I once saw a dead hedgehog under an electric fence, thought little of the matter until I saw the second one. It was a fair guess on my part that when the animal got a nasty shock from the fence, instead of relaxing and walking safely away from the danger, he did what hedgehogs do, rolled into a big ball (making himself much larger) and got another shock, then another and another until it killed him. I name this ‘the hedgehog syndrome’; it is a phenomenon that is happening to people in New Zealand and perhaps all over the corporate World.
Why the ‘corporate’ World? Stay with me on this one.

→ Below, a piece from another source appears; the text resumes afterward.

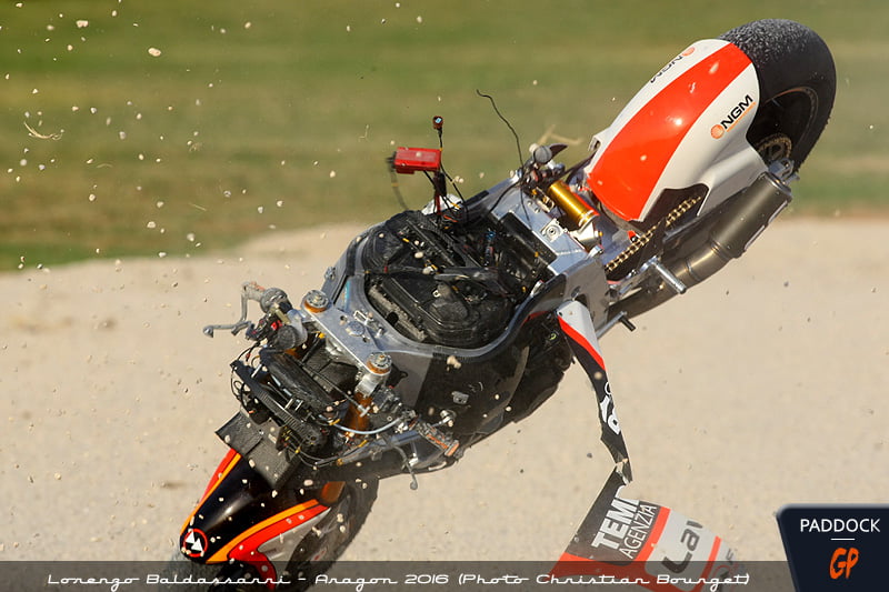 A 9h13, lors du warm up Moto2 en Aragon, Lorenzo Baldassarri a subit une grosse chute qui a complètement détruit sa Kalex au virage #2.

The hedgehog syndrome is hitting office workers, under managers, labourers in fact anyone who has been unfortunate enough to experience stress through the mean minded, unfeeling and totally unreasonable attitude of a boss who is quite simply a CORPORATE BULLY.
If you wrote of all the cases of corporate bullying in New Zealand business circles, I have no doubt you would fill a volume the size of war and peace. It is a culture that at first I put down to our current economic climate but have since realised that most corporate bully’s have been trained to be just that.

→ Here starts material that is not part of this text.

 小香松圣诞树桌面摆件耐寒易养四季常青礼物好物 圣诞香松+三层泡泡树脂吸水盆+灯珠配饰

The Bank Finance officer, dedicated to his job and appreciated by his established clientele, is attacked by a new Bank Manager; who actually has no idea of the officer’s excellent record. The result, a stressed worker who has gone from a willing employee to a hedgehog; whose fellow workers have no idea why there is such a change in their colleague. The stress is so debilitating his whole family suffers, his home life is affected to such a degree they all become stressed.

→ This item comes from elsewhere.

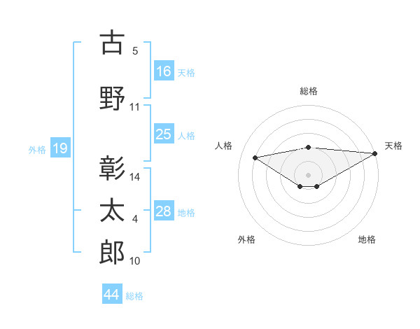 古野 彰太郎さんを姓名の画数から五運を鑑定

A policeman is put down in front of his colleagues, a local council employee is battling with human resources department who have run rough shod over them, ‘and if you don’t like it, you know what you can do.’ Or the favourite put- down, ‘there are plenty of people ready to take your job.’
Ten years ago I was fortunate enough to obtain a management position in a large Auckland company. I was to train and work with sixty agents; dream job, great salary, long hours.
The Company owner, my new boss insisted that I do not mix with these agents, he considered them to be beneath management. I understood the reason for his insistence but did not adhere to it; in fact a few of the ‘underlings’ became very good friends. What is so wrong about communicating with the people a rung or two below you on the corporate ladder? Have we not all been there?
The truth of it all is that corporate bullying is leading to a lot of good people getting shafted. I can hear some saying, ‘tough it out, get real, the boss is tough and that is why he is the employer and you are the employee’. Actually I have owned my own business employed a number of people and know that fairness and integrity was the mainstay of our good worker/ boss relationship. Which brings me back to our prickly friend under the electric fence; you have trouble toughing things out when you are caught up in the ‘hedgehog syndrome’.
It may be that the managers and corporate bosses of today have been watching too much Gordon Ramsey. They think that the best way to handle underlings, most of whom have had far more experience than they, is to bully, cajole or ball out in front of other workers or simply write them a letter that has the effect of stripping every vestige of dignity from their battered lives and stresses them to the point of handing in their notice or seeking an advocate to fight on their behalf.
You have now been introduced to New Zealand’s corporate bullying culture. It is turning employees against their bosses, destroying marriages and upsetting kids. Furthermore, it is affecting the profitability of businesses and the smooth running of essential services.